Set in rural Estonia, Mother begins with the investigation of a suspiciously unlikely case of attempted murder. During an armed robbery gone awry, prospective young Lauri makes the mistake of fighting back and, in the process, is shot in the head and left for dead beside an ATM. Doting mother Elsa nurses her comatose son, diligently watchful by his bedside as visitors come and go. But soon enough her humble, domestic regime is upended as the mystery of her son’s shooting unfolds and the truth reveals itself. The residents of the small, backwards town begin to unveil their true nature and life as they know it in the community starts to unravel.
The plot is mischievously misdirected by Kõusaar, oscillating between a darkly comic drama and a sinister murder mystery. The viewer is left to uncover the case and provide himself with more detective work than the baffled policemen it is assigned to. The resultant tone is latent with wickedly black humor and layer upon layer of deceptive character development.
Tiina Malberg’s performance as Elsa is a steady unfastening of her morals and emotions. As the pressures of being a mother, wife and lover become impossible to cope with, she instinctively proves what she is genuinely capable of. Malberg’s diminished style of acting is illustrative of her character’s struggle for happiness, worn down by the lifestyle she has settled for and that there is no respite from. Her movements are restricted to different rooms of the house, where even in the garden the house dominates the background space around Elsa. She is caught between the traditional and outmoded duties expected of her but empowered by her sensibilities as a strong, independent woman. Trapped by her husband, stuck in their loveless marriage and trapped also by her son, forced to be his caretaker, Elsa is morally culpable for his well-being and must permanently stay with him. Elsa’s rituals are confined to that of a desperate housewife. She has an obsessive compulsive need to keep her home clean and tidy, cooking meals for her dazed and withdrawn husband. The school head teacher and Lauri’s boss Aarne brings her fresh flowers every day. While her husband is gardening, fishing or hunting, they make love. Embroiled in a long-term love affair, promising to leave all her family mess behind and elope with Aarne, the spectator’s sympathy for Elsa is short-lived. She struggles to maintain the healthcare for Lauri and begins to feel victimized by her put upon situation. As the guilty feeling of responsibility grows within her, her love for her son appears to dwindle. The maternal ideal of Elsa portrayed at the beginning of the film is forgotten.
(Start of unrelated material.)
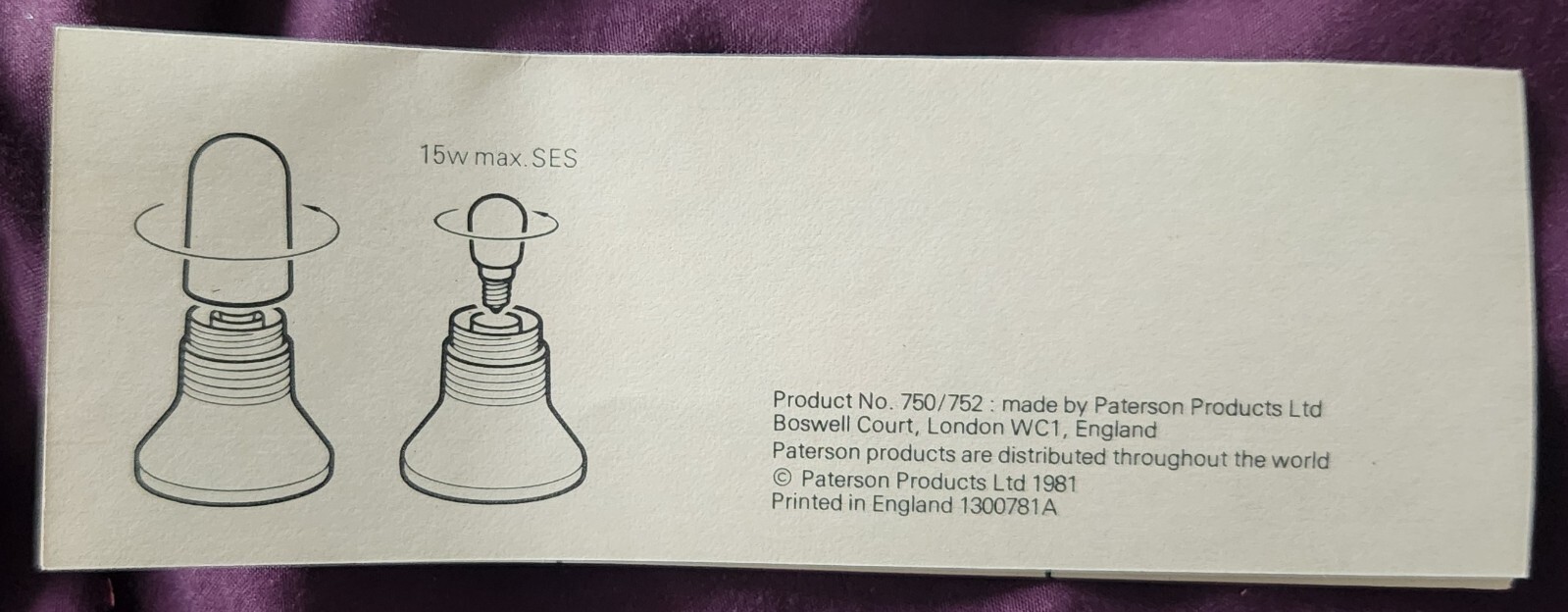 Darkroom Safelight - Paterson - Red Light 15w - 6 tall
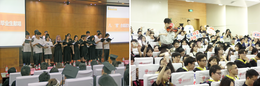 接下来,橙合唱团的同学们为毕业生献歌,乐队合奏《如愿》让人感动,一首《追寻》引发全场共鸣,现场气氛温馨。最后,2022年伟德体育官网毕业典礼在齐声合唱的西南交通大学校歌《文轨车书郅大同》中画下句点,仪式圆满礼成。

The townspeople’s lack of ethics is contagious to the extent that most characters are as deceitful as each other. In one scene, a portly policeman discloses newfound information he has stumbled upon to Elsa. His findings lead him to believe that a significantly large sum of money was withdrawn from her son’s bank account before the crime. Suddenly, characters’ principles are skewed by the promise of monetary gain. The immediate reaction of a number of characters is to ask about the location of the money and whom it was intended for. Rather than to continue looking for the masked assailant, his best friend, his girlfriend and his own mother ransack his bedroom in the hope of discovering the money. Similarly, Lauri’s visitors are quickly turned into reluctant suspects by his mother’s prying eyes and eavesdropping. Perfectly good motives for stealing his savings and murdering come to light. His cheating girlfriend needs money for down payments on their new, shared apartment. His best friend needs to loan more money for his struggling housing business. However, the only response Lauri is capable of is a mismatched blink of his eyes or twitch in his limbs. Here, their greed is presented as just as futile as their interrogations of Lauri.
Pretending to be something you are not is also given a visual manifestation in the setting of the town. Resembling a model version of the real thing, the red rose bushes, white picket fences and pastel colors of the houses evoke a nostalgic rendition of 1950s American suburbia. This mise-en-scene offers an impression of heightened, whitewashed reality. The very flawlessness of its presentation is precisely why its authenticity comes into question. A perfect façade, the atmosphere of the environment is given a subduing effect like the quaint complacency of lifelike figurines in a miniature dollhouse or toy train set. It is as if the filmmaker has created a doppelganger of the real town in order to encapsulate a truly uncanny quality. The abnormality of the setting even bleeds into the inhabitants who themselves share odd gestures and peculiarities disguised as idiosyncrasies. Their performances are simultaneously full of ambiguity and self-awareness, drawing attention to the act they are putting on. One interpretation could be that the intentional manufacturing of such an esoteric setting amplifies the disenfranchisement between residents and their households. It forms an alienated society, out of which is born distrust, betrayal and the hatching of evil schemes.